Сибирский рассказ. Выпуск V — страница 53 из 71

Но вот сват снова свой голос пробует: «В наших краях мастеровые люди живут — два раза топором стукнут по дереву — и нарта готова. Не успеешь за губу щепотку табака положить — вот тебе хорей. Готовые нарты друг на друге, еще не пользованные, в тундре стоят, как беремя сушняка для топлива. Легкие, как пух, быстрые, как ветер, крепкие, как железо, нарты. Из костей мамонтовых, лосиных, оленьих все, что хочешь, умеют наши люди мастеровые. Даже пасти на песцов и то у нас не простые — резные. А лодки какие — даже русские их у нас покупают».

Долго слушали старика Икси. Шали только головой качал, жена его с открытым ртом сидела, хотя оба о мастерах с южной стороны давно наслышаны. Удивлялись они так, для вида.

— И среди нас сейчас сидит такой мастер, молодой хотя — все равно, как старик, все умеет. — И Икси кивнул в сторону Ямбе.
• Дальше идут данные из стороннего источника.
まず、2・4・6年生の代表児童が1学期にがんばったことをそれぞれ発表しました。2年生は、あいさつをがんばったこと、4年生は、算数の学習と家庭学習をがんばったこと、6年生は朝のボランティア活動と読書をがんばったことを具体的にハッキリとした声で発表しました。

Тот, конечно, от смущения смотрел вниз, теребил подол своей малицы.

Замолчал сват, видно, ответа ждет.

— А что же ты, старый человек, так далеко ездишь? Хороших мужчин и у вас, должно быть, женщины видят? — невозмутимо спросил Шали Тэседо.

— Ов-ха! — вырвалось у Икси. — Ов-ха, скажи-ка ты, потерял маленько слово-то я. — И, взяв себя в руки, продолжал: — Беда-то вот в чем. Парень наш, который сейчас в этом чуме, ни на одну из наших девушек голову не поворачивает. Лодок у него несколько, рыбак он удачливый. А чая ему сварить после промысла некому. Шестов на два чума имеет, а нюка сшить — хозяйки нет. Уйдет на рыбалку — холодно ему, придет — тоже очаг не горит. Нет ли в вашем стойбище такой же, как он, красивой девушки? Нет ли у вас мастерицы шить бокари, малицы, сокуи?
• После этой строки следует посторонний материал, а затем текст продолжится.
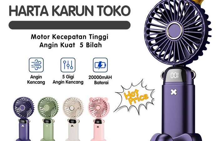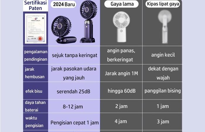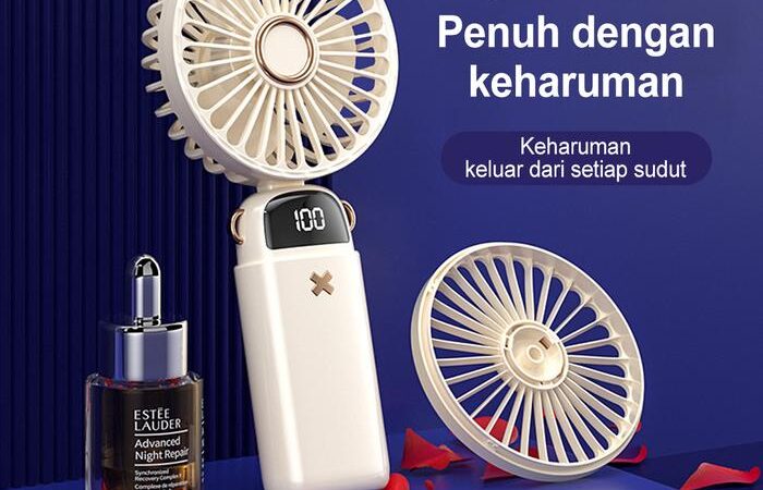 - Dapat digunakan sebagai kipas genggam, kipas meja (dilipat 190°), atau kipas leher (dilengkapi tali).

Устал Икси, да и Шали уже стало невмоготу мучить людей, особенно парня, и он согласился отдать свою дочь за десяток нарт, две долбленые лодки для рыбалки на озерах, около двадцати разных костяных и деревянных поделок для упряжи и пятьдесят рублей денег. Все это Тимофей Пяся (понятно, вместе с сыном) должны была в течение года отдать Шали Тэседо.

Год прошел. Опять Пяси поехали в далекое стойбище Тэседо. Теперь уже за невестой. Весь калым с собой везли.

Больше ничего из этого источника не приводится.